- Born: September 26, 1878 New York City
- Died: September 7, 1961 (aged 82) Mount Kisco, New York
- Known for: Architect
- Spouse: Amanda Chatillon ​(m. 1911)​
- Children: 3

= Robert J. Reiley =

American architect (1878–1961)

Robert J. Reiley, AIA, (1878–1961) was an American architect practicing in New York City in the early and mid twentieth century. He was particularly known as a designer of Catholic churches, schools, and hospitals in the Northeast USA.

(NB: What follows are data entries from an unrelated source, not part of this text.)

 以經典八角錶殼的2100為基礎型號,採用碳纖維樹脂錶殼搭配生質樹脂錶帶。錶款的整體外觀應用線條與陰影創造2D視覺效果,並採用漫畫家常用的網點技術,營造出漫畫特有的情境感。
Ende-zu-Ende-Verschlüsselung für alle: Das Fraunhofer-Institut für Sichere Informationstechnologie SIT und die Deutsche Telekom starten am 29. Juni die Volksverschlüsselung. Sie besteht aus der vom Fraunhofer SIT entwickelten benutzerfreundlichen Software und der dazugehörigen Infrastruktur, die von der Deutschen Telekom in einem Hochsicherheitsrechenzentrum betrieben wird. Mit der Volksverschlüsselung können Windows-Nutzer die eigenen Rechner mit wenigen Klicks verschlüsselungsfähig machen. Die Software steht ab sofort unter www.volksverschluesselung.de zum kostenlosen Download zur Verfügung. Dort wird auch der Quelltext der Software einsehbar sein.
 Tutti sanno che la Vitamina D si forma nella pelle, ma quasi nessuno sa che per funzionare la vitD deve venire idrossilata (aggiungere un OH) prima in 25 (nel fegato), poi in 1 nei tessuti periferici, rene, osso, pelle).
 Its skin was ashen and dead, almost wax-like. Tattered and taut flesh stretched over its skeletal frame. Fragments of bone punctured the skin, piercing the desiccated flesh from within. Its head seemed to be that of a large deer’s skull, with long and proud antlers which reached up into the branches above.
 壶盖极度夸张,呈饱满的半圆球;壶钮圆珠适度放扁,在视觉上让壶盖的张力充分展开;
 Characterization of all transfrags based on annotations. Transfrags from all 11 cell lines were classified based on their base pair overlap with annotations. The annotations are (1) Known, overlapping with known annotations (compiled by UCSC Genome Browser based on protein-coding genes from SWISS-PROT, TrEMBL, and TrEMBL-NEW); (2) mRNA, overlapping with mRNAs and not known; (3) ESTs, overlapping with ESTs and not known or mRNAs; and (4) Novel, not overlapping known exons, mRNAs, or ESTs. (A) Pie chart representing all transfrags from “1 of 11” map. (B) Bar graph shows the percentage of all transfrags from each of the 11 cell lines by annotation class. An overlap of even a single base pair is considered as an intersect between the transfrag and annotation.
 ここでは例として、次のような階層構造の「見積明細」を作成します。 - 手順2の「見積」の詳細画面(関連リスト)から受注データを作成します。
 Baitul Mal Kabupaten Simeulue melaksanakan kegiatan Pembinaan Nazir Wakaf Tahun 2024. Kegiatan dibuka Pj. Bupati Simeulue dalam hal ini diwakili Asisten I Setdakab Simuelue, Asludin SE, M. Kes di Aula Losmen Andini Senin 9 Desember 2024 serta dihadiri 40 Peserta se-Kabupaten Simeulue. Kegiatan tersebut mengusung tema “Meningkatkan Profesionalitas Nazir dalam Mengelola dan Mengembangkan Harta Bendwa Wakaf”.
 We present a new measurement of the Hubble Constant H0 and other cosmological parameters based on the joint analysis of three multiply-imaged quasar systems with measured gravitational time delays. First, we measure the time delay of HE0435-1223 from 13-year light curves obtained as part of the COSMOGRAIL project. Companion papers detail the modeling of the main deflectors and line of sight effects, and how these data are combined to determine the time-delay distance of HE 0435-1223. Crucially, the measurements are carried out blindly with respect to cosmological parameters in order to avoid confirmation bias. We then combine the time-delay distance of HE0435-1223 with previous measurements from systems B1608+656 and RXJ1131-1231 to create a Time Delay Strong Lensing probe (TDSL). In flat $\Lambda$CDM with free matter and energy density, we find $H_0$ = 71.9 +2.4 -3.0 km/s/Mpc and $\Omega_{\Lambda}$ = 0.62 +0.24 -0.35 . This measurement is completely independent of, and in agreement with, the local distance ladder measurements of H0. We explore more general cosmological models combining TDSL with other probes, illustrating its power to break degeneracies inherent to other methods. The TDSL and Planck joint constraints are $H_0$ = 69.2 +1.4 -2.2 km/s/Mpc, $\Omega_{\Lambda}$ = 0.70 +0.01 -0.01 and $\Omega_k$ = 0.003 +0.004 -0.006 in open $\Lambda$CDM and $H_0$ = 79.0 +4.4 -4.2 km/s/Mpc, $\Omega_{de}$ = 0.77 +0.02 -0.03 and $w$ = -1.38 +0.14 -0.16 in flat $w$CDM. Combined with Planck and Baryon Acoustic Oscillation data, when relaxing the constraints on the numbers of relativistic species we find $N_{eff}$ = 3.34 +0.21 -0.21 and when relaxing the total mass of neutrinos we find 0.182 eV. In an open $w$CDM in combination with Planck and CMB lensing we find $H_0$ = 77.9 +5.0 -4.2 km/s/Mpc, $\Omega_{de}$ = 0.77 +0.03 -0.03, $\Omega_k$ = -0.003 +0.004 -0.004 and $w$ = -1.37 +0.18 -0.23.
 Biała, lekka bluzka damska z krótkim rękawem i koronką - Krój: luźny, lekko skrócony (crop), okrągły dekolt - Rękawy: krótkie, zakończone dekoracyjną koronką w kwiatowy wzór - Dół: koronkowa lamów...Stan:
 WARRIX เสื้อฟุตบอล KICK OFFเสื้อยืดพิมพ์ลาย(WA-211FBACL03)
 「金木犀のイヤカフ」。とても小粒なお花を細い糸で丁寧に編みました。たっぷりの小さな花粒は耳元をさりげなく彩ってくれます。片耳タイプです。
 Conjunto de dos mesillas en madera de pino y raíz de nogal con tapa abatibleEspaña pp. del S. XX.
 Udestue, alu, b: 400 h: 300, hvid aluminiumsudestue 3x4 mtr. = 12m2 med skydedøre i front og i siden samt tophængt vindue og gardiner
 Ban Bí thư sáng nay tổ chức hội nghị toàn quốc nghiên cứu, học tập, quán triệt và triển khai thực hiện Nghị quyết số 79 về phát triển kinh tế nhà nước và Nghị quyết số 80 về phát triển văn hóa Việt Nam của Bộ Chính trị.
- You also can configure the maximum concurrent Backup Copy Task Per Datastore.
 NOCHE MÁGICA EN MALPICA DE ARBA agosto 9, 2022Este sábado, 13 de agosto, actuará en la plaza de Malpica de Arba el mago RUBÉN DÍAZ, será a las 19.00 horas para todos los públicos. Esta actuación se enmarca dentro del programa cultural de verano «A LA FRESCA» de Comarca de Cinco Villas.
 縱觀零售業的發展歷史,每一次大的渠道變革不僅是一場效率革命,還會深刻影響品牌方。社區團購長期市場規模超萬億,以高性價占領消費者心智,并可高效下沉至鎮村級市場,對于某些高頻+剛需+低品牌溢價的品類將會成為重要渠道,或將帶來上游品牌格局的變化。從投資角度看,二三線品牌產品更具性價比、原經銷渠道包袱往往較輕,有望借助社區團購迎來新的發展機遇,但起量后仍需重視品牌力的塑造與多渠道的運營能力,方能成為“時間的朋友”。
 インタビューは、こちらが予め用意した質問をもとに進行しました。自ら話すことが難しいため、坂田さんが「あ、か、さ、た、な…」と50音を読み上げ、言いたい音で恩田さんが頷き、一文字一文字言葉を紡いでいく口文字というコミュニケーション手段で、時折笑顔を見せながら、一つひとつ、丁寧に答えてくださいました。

==Early life and architectural education==
Reiley was born in New York City and was educated in the local public school system.
He attended the prestigious Jesuit school, Xavier High School (New York City), and Columbia Grammar School, both college preparatory schools, in New York City. He graduated from the Columbia School of Architecture in 1900 and continued his alumni networking there throughout the rest of his career. Following graduation, he worked the next two years a draftsman in the office of Ernest Flagg from 1900 to 1902 and later as supervisor of construction for Van Vleck and Goldsmith from 1902 to 1903. After a period of European travel and study in Paris from 1903 to 1904, he then entered into a partnership with fellow Columbia graduate Gustave E. Steinback. The firm, known as Reiley and Steinback continued in practice from 1904 through 1913 and was responsible for many buildings for Roman Catholic clients throughout the Eastern United States. After the partnership was dissolved, both men went on to lengthy careers designing Roman Catholic churches, with Reiley's firm known as Robert J. Reiley.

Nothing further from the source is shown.